景虎は眉をひそめながらも、口の端をわずかに上げた。
「まったく、お前ってやつは……どこまで出世欲に忠実なんだ」
「だからこそ任せてくれよ。……この機会、逃したくない」
黒瀬がひとつ頷いた。
「出世欲に付き合うのも悪くない。私も同行しよう。神域の地理は、それなりに頭に入っている」
霧の向こうからそっと歩み寄る沙耶の気配。白砂を踏む足音はほとんど音を立てず、ふわりと舞衣の香が漂った。
沙耶は舞衣をひとつ整えて、いたずらっぽく笑った。
「私も行きますよ。舞のついでに、風の匂いでも拾ってみます。……あなたの“手柄争い”、見届けるのも悪くないしね」
光継が思わず苦笑しながら肩をすくめた。
「頼りにしてる。変な神様に絡まれたら、背中を頼む」
沙耶は小さく笑って肩をすくめたまま、毒のようにさらりと放った。
「……まさか、本気で神に矢が届くと思っているわけではないでしょうね?」
紫苑が、そっと一歩前に出た。
その前に、ほんの少し迷うように視線を落とした。だが次の瞬間、すっと顔を上げ、その声には迷いがなかった。
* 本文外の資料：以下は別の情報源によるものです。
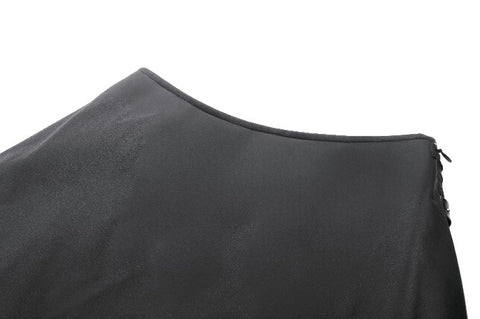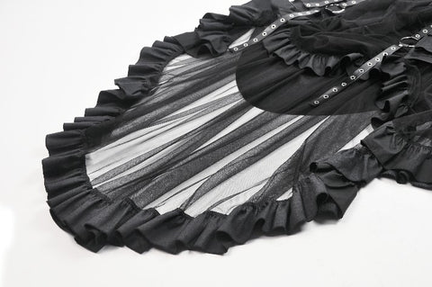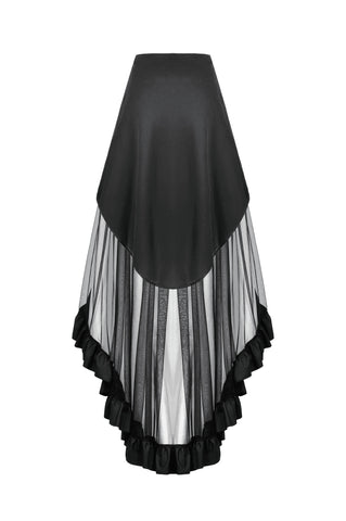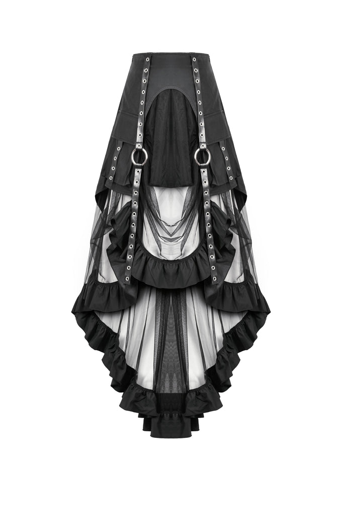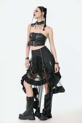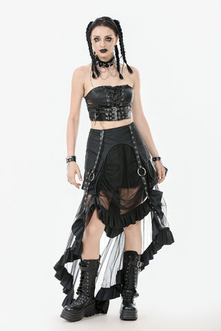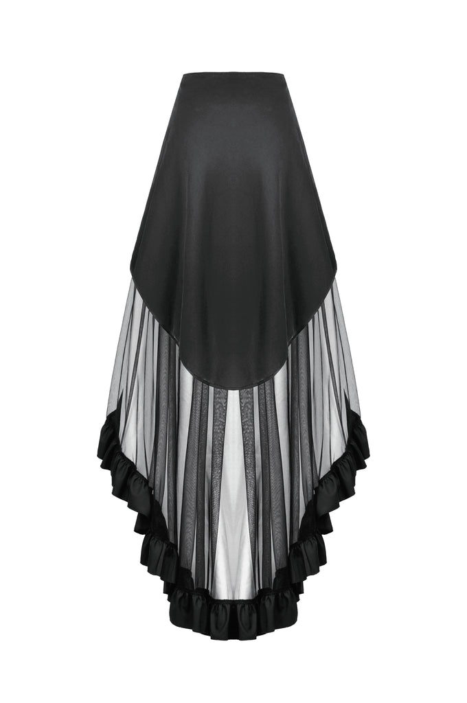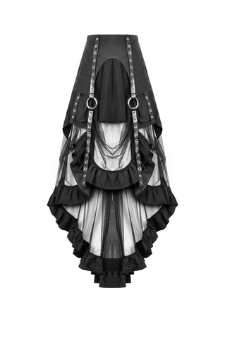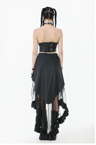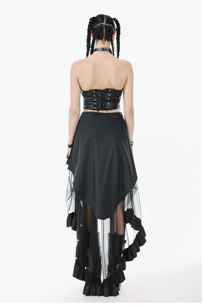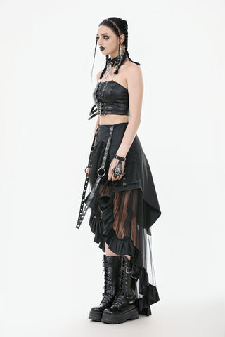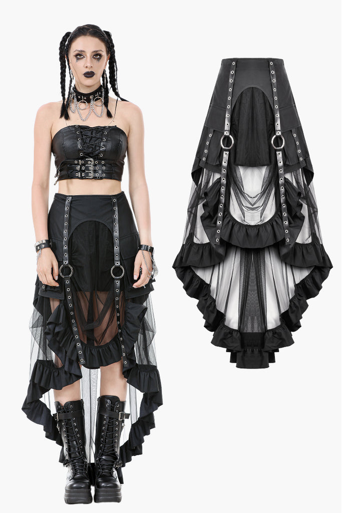 This punk-style tail skirt fuses bold leather structure with sheer mesh contrast, embodying both rebellion and allure. The high-low hem creates a dramatic silhouette, while the cutout leather front reveals ruched mesh beneath — a subtle play of toughness and texture.

「――行ってください、光継。……あなたの望む“最初の一歩”、信じています」
その声音は澄んでいて、誰もが逆らえぬ強さを帯びていた。
* * *
直会の後、夜の空気を吸うために景虎はひとり、禊之宮の外へ出た。
霧はなおも濃く、夜風もない。だが、心に溜まった熱を静かに冷ますには、これくらいの冷気がちょうどよかった。
「……いるんだろう?」
景虎が静かに声をかけると、岩陰からするりと人影が現れた。
香鶴である。左隊の一員であり、隠密行動を得意とする者だ。
「お見通しとは恐れ入りました」
涼やかな声とともに現れた香鶴は、景虎の横に並ぶこともなく、少し離れた場所に立ち止まった。
景虎は夜の闇に視線を向けたまま、呟くように言った。
「……神渡島の鬼退治、桐葉国と外国、地方太守と神域、神と人、人と鬼。すべての境目を狙い澄ましたような……出来すぎた事件だったと思わないか」
香鶴は微かに眉をひそめ、少しだけ肩をすくめた。
「申し訳ありませんが、推論すら立てられていない考えすぎの部類かと。今のところ、私の出る幕ではないようです」
そう言い残し、香鶴は霧のなかへとすっと姿を消した。
景虎はその背を見送るでもなく、ただ霧の奥に広がる気配を感じ取ろうとするように、静かに息を吐いた。
闇は深く、だが――風は、どこかで必ず吹いている。